Real-Time Monitoring and Risk Prediction System of Pipeline Leakage Based on Multimodal Large Model
摘要
In view of the low accuracy, high false alarm rate and lack of real-time risk prediction capabilities caused by the current pipeline leakage monitoring system's reliance on single sensor data, this study proposes an intelligent monitoring system based on a multimodal large model to build a pipeline safety assurance system with real-time monitoring and advance prediction functions. First, a distributed sensor array and visual acquisition device are deployed to build a multi-source data acquisition network, and wavelet transform denoising and spatiotemporal alignment algorithms are used for data preprocessing.
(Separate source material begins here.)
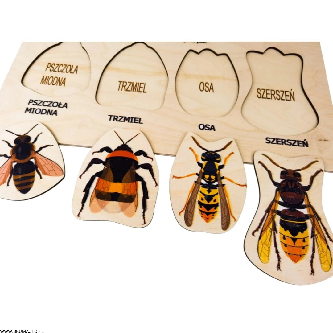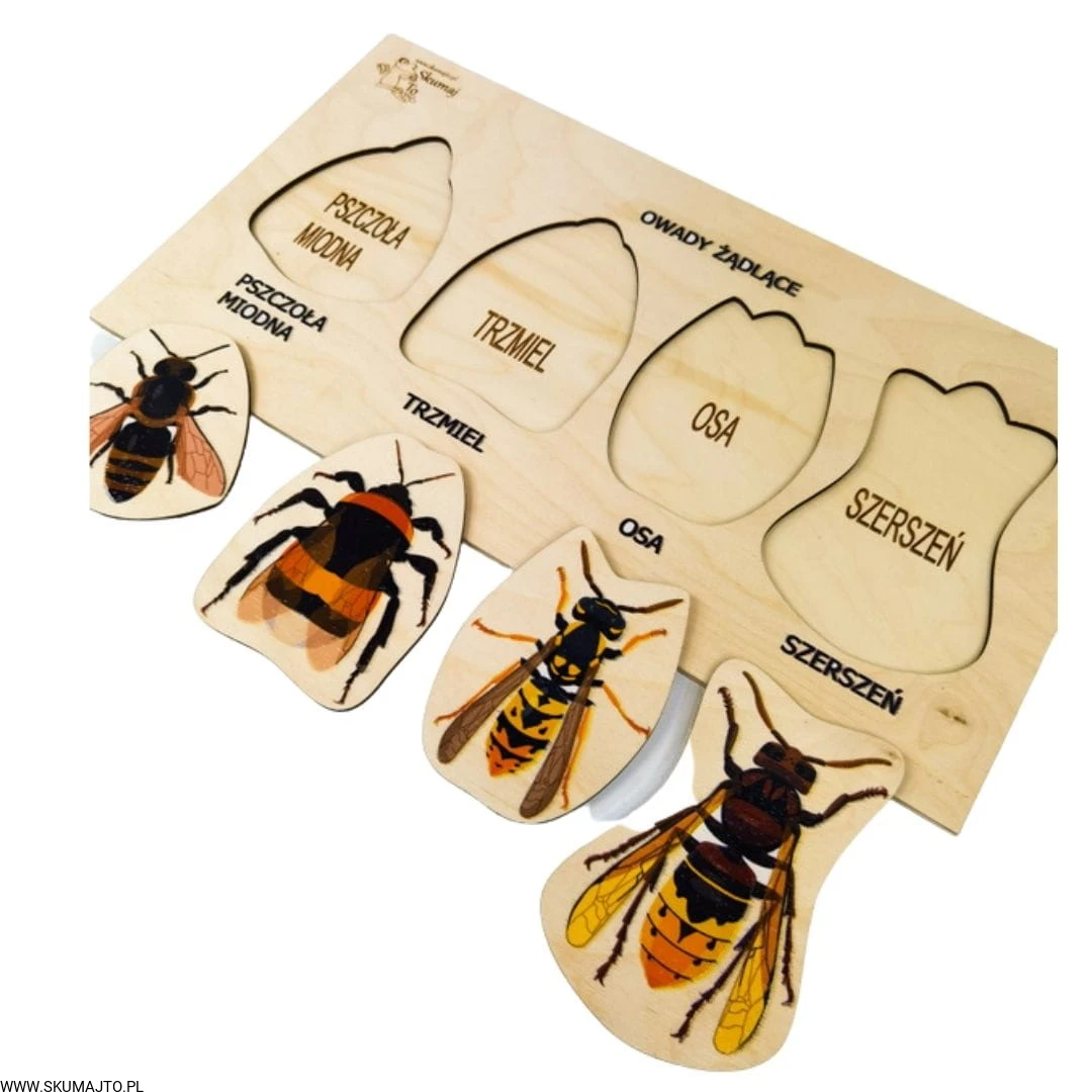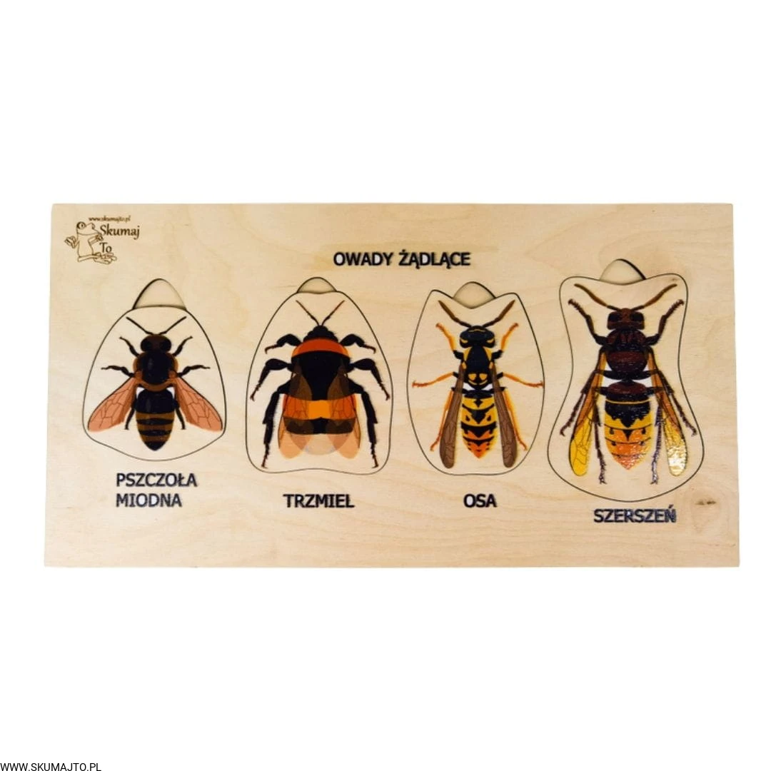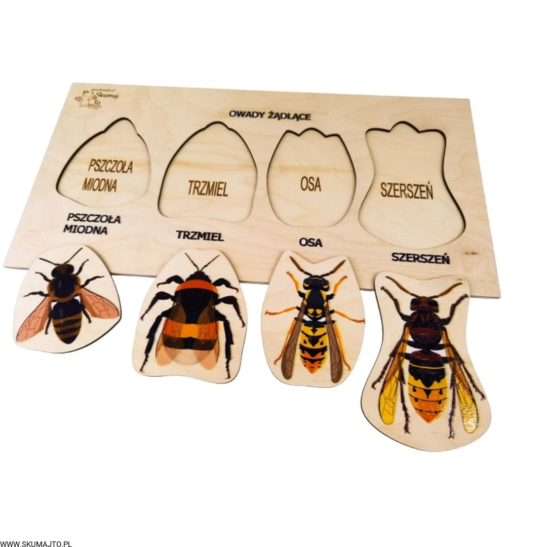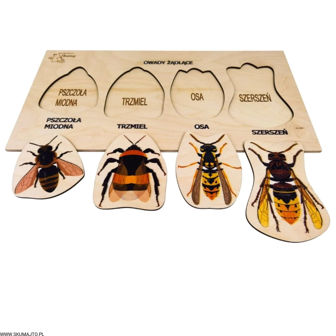 Owady żądlące, drewniana układanka, rodzaje owadów, wyciągane elementy z podpisami

Then, a multimodal large model based on the Transformer-GCN hybrid architecture is constructed. Through self-supervised learning, 100,000 h of pipeline operation data are pre-trained, and a dynamic attention mechanism is introduced to realize multimodal feature fusion. Finally, combined with transfer learning, fine-tuning is performed on a database containing 2000 leakage cases to develop a dual-function module with real-time leakage detection and risk prediction for the next 30 min. The system achieves a detection accuracy of 98.7% and a false alarm rate of 1.2% on the test set. The risk prediction module achieves an F1 score of 93.5% for leakage events within 30 min. During the field deployment verification, it successfully warns of 5 potential leakage events, with an average advance warning time of 22 min. This multimodal large model system can provide an innovative solution for the security protection of industrial infrastructure.